=== Task details ===
Within the entries below, please retype exactly the lines starting with the line that has "直流開關(guān)穩(wě" and going on through the line that has "El primer cuadro", but not the pictures.

=== Data for analysis ===
○ ○ ○ ○

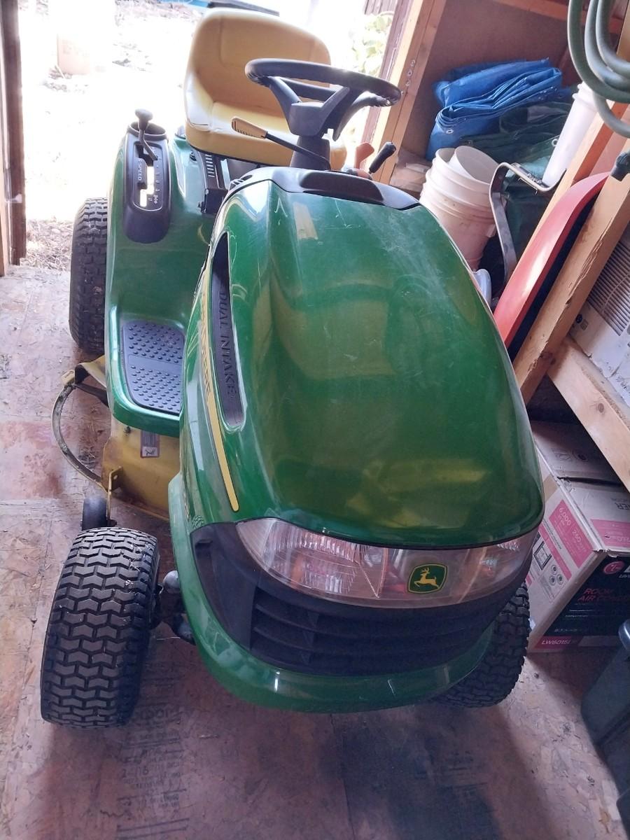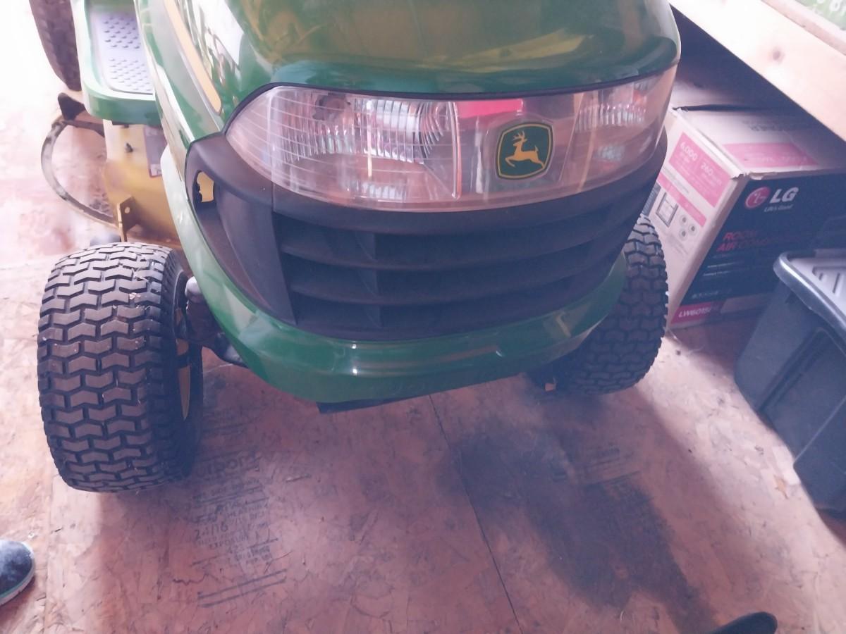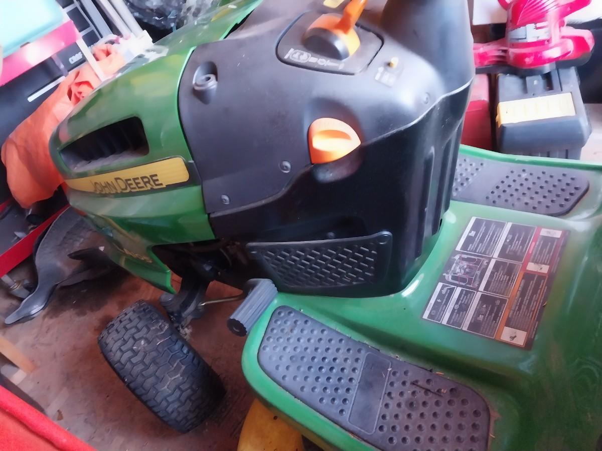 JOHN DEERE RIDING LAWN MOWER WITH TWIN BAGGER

○ ○ ○ ○

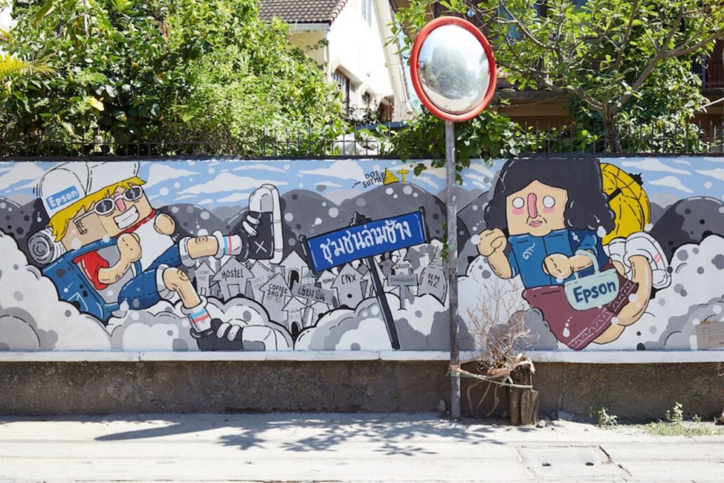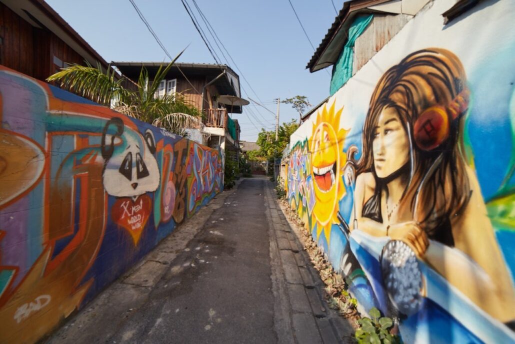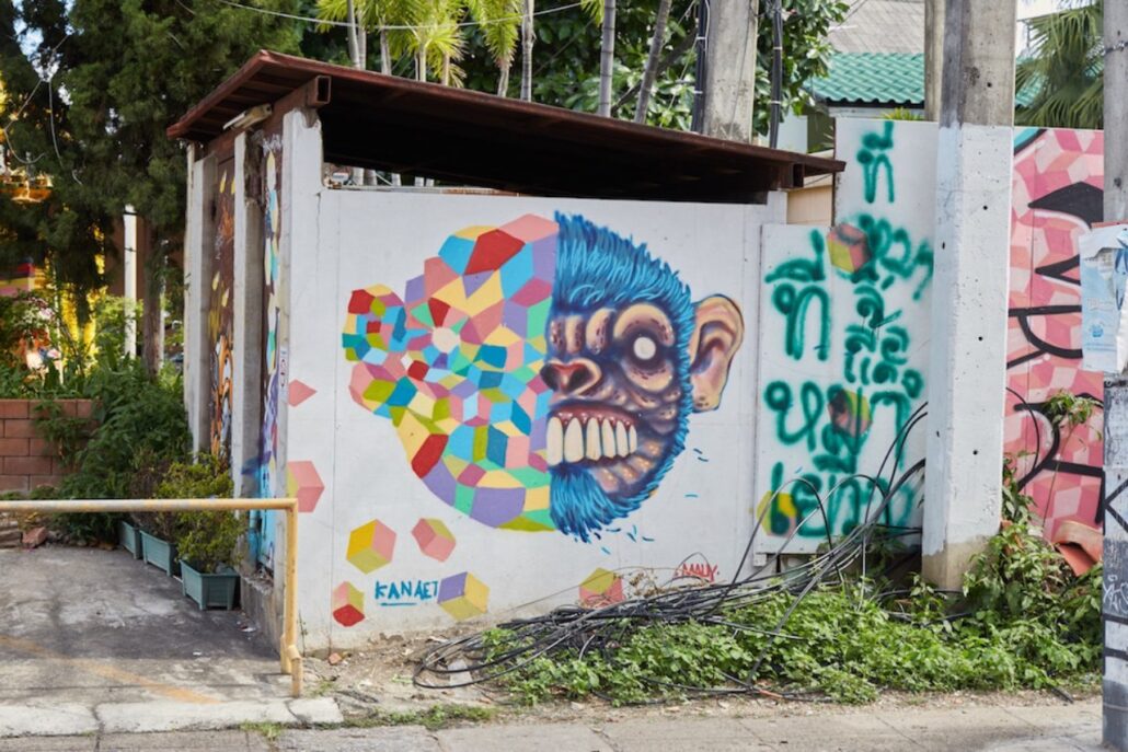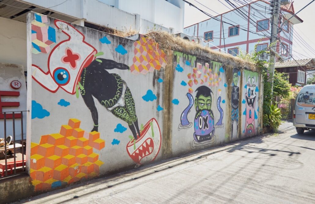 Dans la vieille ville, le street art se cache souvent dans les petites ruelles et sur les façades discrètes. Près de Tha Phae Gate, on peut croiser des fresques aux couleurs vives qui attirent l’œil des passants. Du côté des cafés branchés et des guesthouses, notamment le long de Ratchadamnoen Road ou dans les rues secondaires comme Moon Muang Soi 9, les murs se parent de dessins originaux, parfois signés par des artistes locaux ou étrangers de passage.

○ ○ ○ ○

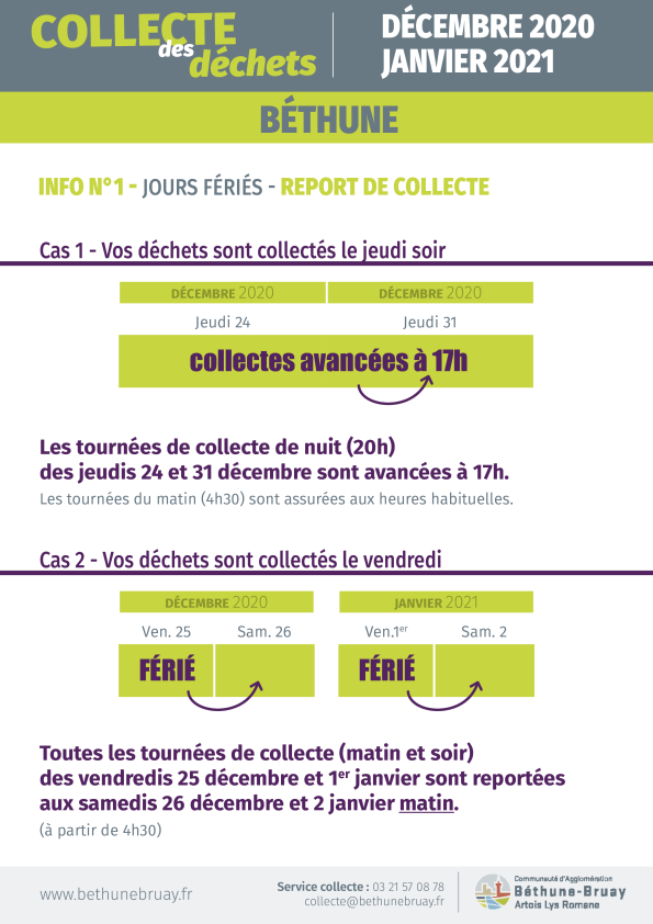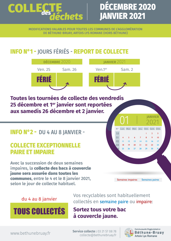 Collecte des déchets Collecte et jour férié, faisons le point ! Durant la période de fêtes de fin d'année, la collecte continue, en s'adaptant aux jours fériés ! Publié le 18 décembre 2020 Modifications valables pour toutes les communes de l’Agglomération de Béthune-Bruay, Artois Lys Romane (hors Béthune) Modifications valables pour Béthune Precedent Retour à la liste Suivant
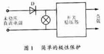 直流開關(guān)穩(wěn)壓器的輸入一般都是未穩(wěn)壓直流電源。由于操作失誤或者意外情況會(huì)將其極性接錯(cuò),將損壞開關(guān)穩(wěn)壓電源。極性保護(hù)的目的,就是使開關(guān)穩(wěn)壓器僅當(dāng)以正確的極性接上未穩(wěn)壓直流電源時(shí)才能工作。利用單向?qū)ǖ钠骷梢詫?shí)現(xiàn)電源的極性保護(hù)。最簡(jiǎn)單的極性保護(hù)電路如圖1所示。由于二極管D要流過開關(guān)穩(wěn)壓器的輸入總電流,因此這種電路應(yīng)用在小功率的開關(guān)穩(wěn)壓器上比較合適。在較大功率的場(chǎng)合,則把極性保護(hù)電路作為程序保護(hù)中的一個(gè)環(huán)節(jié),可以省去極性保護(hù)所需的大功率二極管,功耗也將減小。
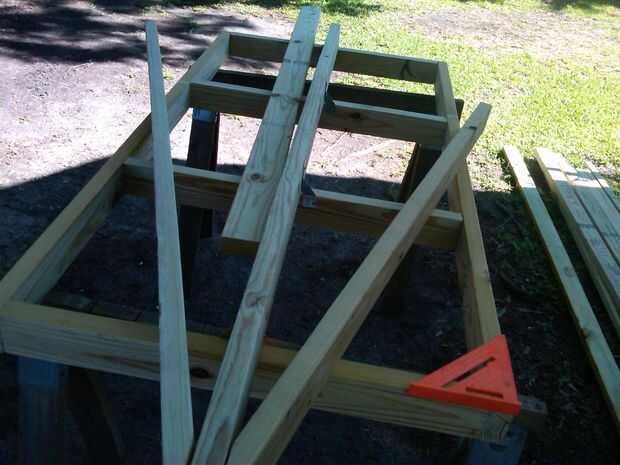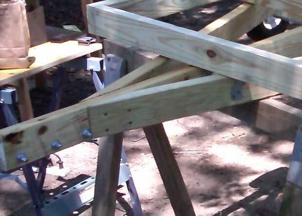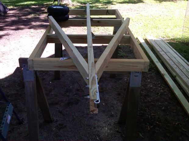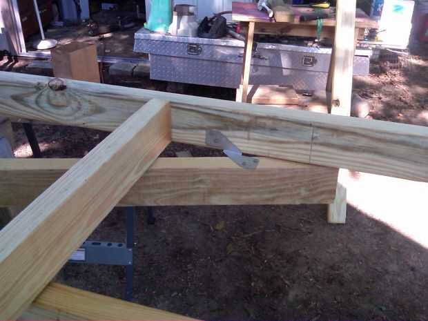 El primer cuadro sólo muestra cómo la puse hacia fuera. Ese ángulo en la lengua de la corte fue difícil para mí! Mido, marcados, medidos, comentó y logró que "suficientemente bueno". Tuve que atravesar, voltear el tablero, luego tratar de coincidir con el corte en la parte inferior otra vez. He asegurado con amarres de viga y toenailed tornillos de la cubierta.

○ ○ ○ ○

=== Answer space ===
 直流開關(guān)穩(wěn)壓器的輸入一般都是未穩(wěn)壓直流電源。由于操作失誤或者意外情況會(huì)將其極性接錯(cuò),將損壞開關(guān)穩(wěn)壓電源。極性保護(hù)的目的,就是使開關(guān)穩(wěn)壓器僅當(dāng)以正確的極性接上未穩(wěn)壓直流電源時(shí)才能工作。利用單向?qū)ǖ钠骷梢詫?shí)現(xiàn)電源的極性保護(hù)。最簡(jiǎn)單的極性保護(hù)電路如圖1所示。由于二極管D要流過開關(guān)穩(wěn)壓器的輸入總電流,因此這種電路應(yīng)用在小功率的開關(guān)穩(wěn)壓器上比較合適。在較大功率的場(chǎng)合,則把極性保護(hù)電路作為程序保護(hù)中的一個(gè)環(huán)節(jié),可以省去極性保護(hù)所需的大功率二極管,功耗也將減小。
 El primer cuadro sólo muestra cómo la puse hacia fuera. Ese ángulo en la lengua de la corte fue difícil para mí! Mido, marcados, medidos, comentó y logró que "suficientemente bueno". Tuve que atravesar, voltear el tablero, luego tratar de coincidir con el corte en la parte inferior otra vez. He asegurado con amarres de viga y toenailed tornillos de la cubierta.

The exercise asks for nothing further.